The cochlea is a biological system that effectively decomposes a sound into its constituent frequency components. It converts instantaneous changes in air pressure into components that stimulate the hair-like filaments along the inner ear’s basilar membrane, which aids in translating sound vibrations into electrical signals. The activated filaments produce electrochemical signals that are transmitted to the auditory cortex. The individual components of an individual sound are re-integrated and perceived as a singular event—in part by nature of their harmonicity (that is, their constituent components are related in integer ratios), and, in part, by their temporal synchronicity, which integrates many components into a perceived individual event.
from Jonathan Berger on the necessity of musical hallucinations

Image from here

1 February 2015

The chief thing

“Wonder?” said R F Langley...“Yes. Oh yes. it’s the chief thing, isn’t it? The thing I value. Joy, Wordsworth might have called it.” He goes on to paraphrase a section from Iris Murdoch’s The Sovereignty of Good. “You’re wrapped up in your own affairs, you’re screwed up by your own subjective feelings, and you know that you’re colouring the world with your own thoughts and resentments, and you see a kestrel outside the window, hovering and … ‘The world becomes all kestrel’ … it takes your selfishness away, removes your self.
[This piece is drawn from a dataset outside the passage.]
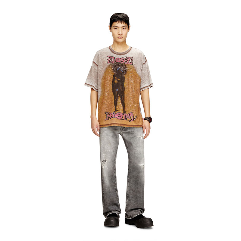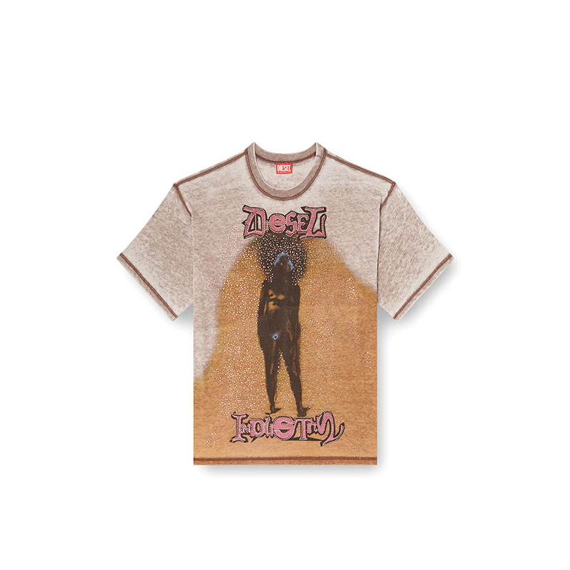 Short-sleeve T-shirt featuring a crew neck and a relaxed fit. Made from cotton-blend jersey, it has a burnout washed effect for a distinctive lived-in look. The design is enhanced by a sublimation print with studs on the front, while the Diesel logo stands out at the top. A small Diesel label is located on the left side seam.

And that’s really what this wonder might be.” It’s a truism that the stories we tell about nature are stories about ourselves, but still those stories are full of singular moments out in the world, when wild things look at us and we look back, mute and astonished.
Helen Macdonald, who says:
It took me half a lifetime to understand that each encounter with the natural world pleats together all the things you’ve read and heard, and adds to them, making something more of the bird or leaf or landscape in front of you, so that the older you get the more meaningful these things become.